=== Begin Enclosure ===
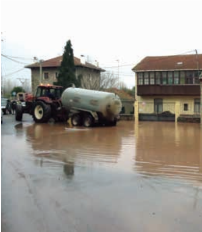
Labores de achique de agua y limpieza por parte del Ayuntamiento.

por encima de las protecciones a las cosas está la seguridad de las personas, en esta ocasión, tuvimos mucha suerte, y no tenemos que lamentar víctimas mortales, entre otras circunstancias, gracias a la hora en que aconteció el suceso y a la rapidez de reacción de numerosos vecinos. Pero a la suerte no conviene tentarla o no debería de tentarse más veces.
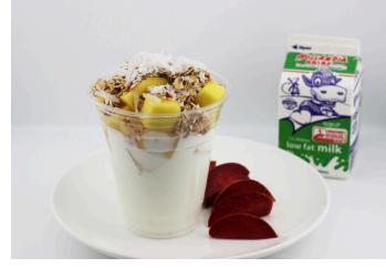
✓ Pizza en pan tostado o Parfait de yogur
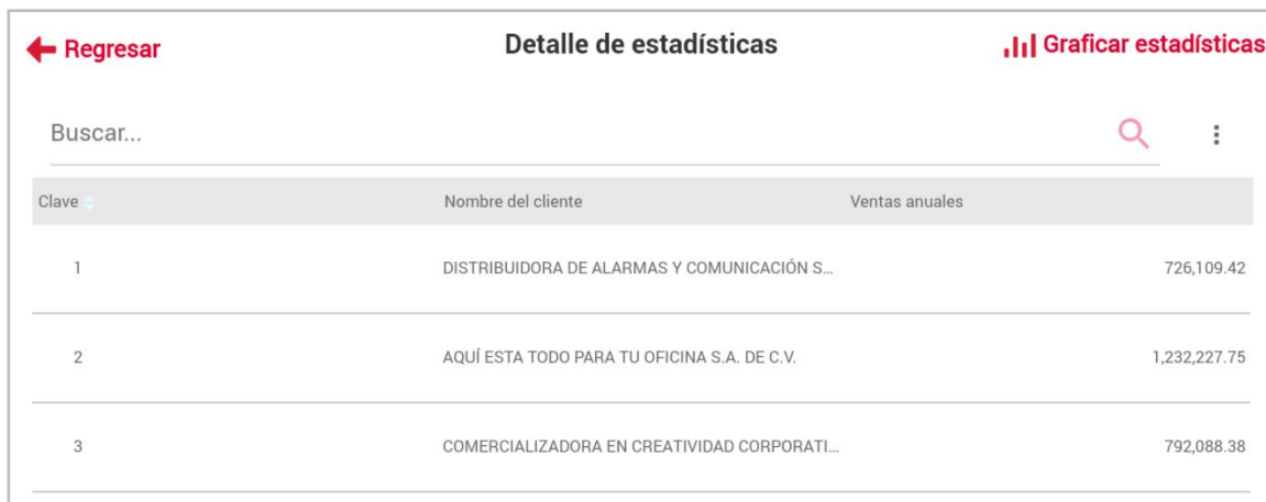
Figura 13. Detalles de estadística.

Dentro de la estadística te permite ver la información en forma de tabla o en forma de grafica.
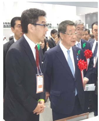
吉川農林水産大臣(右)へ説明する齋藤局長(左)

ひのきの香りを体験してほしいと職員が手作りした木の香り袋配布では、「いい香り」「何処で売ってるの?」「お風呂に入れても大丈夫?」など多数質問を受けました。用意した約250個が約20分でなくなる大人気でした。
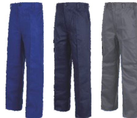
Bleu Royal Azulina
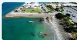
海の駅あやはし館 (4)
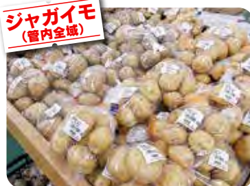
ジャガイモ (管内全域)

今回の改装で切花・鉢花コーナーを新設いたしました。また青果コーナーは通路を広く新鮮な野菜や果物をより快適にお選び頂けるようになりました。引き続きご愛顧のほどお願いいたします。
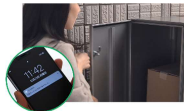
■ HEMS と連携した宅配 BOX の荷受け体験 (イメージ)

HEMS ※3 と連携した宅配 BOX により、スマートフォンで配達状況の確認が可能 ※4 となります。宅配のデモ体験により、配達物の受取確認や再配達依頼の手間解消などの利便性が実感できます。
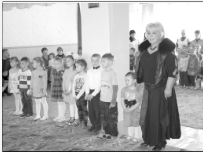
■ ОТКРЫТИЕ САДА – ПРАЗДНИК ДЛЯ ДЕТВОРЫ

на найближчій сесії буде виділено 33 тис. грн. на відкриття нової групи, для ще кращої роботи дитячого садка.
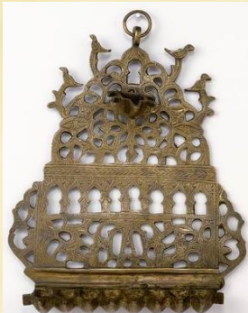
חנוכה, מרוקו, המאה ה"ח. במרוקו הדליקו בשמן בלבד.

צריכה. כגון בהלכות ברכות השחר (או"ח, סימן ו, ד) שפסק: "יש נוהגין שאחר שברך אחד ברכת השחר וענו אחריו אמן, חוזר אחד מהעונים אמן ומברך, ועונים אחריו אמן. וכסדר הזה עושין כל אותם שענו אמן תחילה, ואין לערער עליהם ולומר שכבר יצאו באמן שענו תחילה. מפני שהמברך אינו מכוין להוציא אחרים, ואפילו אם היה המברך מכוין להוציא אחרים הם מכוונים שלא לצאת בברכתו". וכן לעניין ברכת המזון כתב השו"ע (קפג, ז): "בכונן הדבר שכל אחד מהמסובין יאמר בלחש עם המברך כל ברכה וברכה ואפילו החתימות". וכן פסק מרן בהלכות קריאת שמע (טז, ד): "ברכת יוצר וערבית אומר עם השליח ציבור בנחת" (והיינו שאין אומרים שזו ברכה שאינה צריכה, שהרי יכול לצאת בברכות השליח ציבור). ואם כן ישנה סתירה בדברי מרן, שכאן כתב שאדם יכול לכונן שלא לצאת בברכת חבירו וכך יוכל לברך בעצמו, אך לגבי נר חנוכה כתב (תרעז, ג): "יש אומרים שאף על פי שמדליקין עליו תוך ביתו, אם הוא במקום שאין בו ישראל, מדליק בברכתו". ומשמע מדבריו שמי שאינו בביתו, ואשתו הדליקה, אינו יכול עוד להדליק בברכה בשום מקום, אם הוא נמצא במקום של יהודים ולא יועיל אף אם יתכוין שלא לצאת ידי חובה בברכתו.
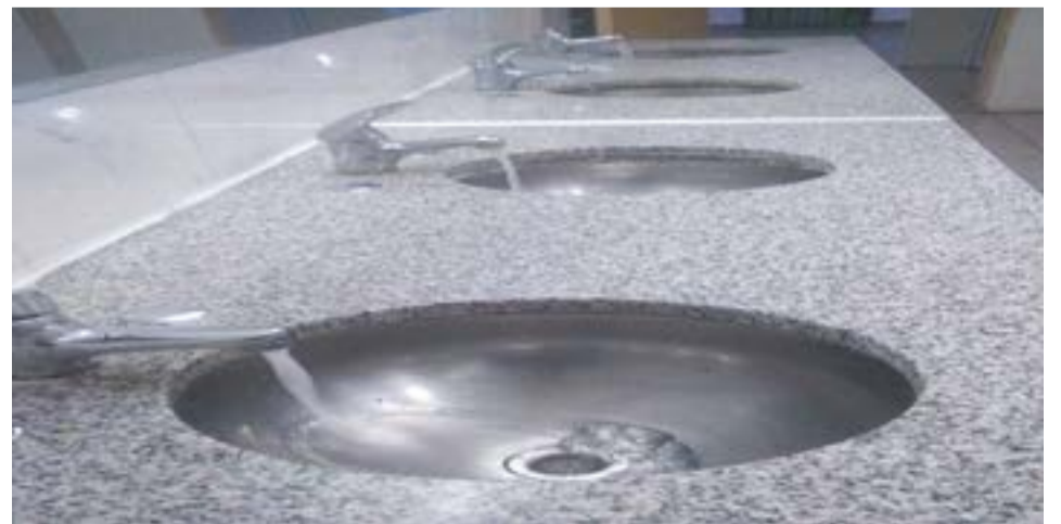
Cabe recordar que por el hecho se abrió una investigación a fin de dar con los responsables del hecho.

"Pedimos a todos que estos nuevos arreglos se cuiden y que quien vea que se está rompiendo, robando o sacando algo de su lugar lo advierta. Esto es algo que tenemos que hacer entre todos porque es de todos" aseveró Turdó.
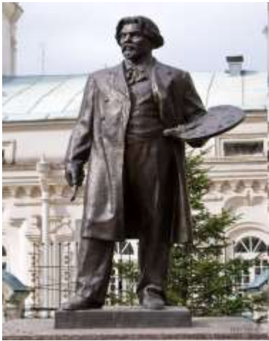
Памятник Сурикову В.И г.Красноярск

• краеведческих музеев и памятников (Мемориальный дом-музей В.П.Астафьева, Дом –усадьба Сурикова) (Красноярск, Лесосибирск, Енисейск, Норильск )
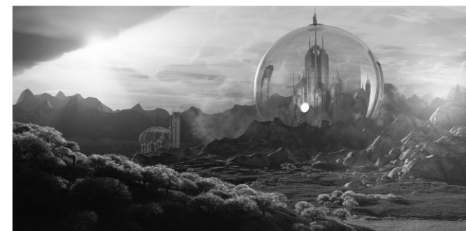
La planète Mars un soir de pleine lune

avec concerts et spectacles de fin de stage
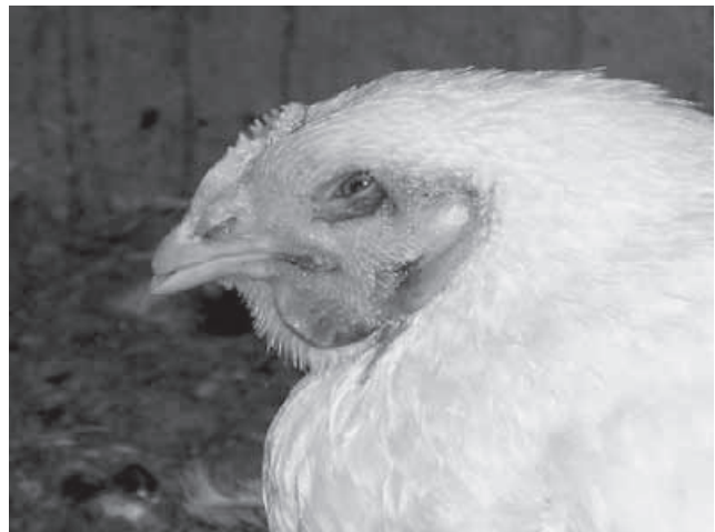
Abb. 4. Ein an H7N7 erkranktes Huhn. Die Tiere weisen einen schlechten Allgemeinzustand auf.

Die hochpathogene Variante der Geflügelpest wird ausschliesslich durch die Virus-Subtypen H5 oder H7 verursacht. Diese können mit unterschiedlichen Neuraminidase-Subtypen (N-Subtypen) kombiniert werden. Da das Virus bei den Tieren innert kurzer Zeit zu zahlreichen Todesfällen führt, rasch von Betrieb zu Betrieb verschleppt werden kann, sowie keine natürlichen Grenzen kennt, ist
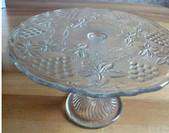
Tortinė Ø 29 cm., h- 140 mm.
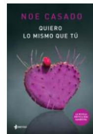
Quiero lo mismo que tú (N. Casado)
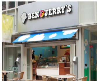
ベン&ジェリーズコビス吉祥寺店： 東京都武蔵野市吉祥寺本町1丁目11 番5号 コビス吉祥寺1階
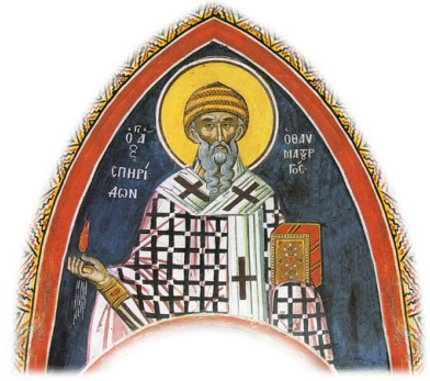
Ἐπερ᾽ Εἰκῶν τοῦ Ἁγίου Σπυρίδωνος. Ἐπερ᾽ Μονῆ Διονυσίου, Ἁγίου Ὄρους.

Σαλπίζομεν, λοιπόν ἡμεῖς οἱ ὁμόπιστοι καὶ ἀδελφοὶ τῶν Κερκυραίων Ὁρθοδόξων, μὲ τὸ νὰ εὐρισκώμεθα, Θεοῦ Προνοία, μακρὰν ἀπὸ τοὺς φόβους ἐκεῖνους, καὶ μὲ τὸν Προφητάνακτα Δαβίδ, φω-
=== End Enclosure ===
■ Task directions
Starting from the first line of the entries above, print each line exactly until the line containing "на найближчій сесії" has been printed, and skip the pictures.

■ Answer
Labores de achique de agua y limpieza por parte del Ayuntamiento.

por encima de las protecciones a las cosas está la seguridad de las personas, en esta ocasión, tuvimos mucha suerte, y no tenemos que lamentar víctimas mortales, entre otras circunstancias, gracias a la hora en que aconteció el suceso y a la rapidez de reacción de numerosos vecinos. Pero a la suerte no conviene tentarla o no debería de tentarse más veces.
✓ Pizza en pan tostado o Parfait de yogur
Figura 13. Detalles de estadística.

Dentro de la estadística te permite ver la información en forma de tabla o en forma de grafica.
吉川農林水産大臣(右)へ説明する齋藤局長(左)

ひのきの香りを体験してほしいと職員が手作りした木の香り袋配布では、「いい香り」「何処で売ってるの?」「お風呂に入れても大丈夫?」など多数質問を受けました。用意した約250個が約20分でなくなる大人気でした。
Bleu Royal Azulina
海の駅あやはし館 (4)
ジャガイモ (管内全域)

今回の改装で切花・鉢花コーナーを新設いたしました。また青果コーナーは通路を広く新鮮な野菜や果物をより快適にお選び頂けるようになりました。引き続きご愛顧のほどお願いいたします。
■ HEMS と連携した宅配 BOX の荷受け体験 (イメージ)

HEMS ※3 と連携した宅配 BOX により、スマートフォンで配達状況の確認が可能 ※4 となります。宅配のデモ体験により、配達物の受取確認や再配達依頼の手間解消などの利便性が実感できます。
■ ОТКРЫТИЕ САДА – ПРАЗДНИК ДЛЯ ДЕТВОРЫ

на найближчій сесії буде виділено 33 тис. грн. на відкриття нової групи, для ще кращої роботи дитячого садка.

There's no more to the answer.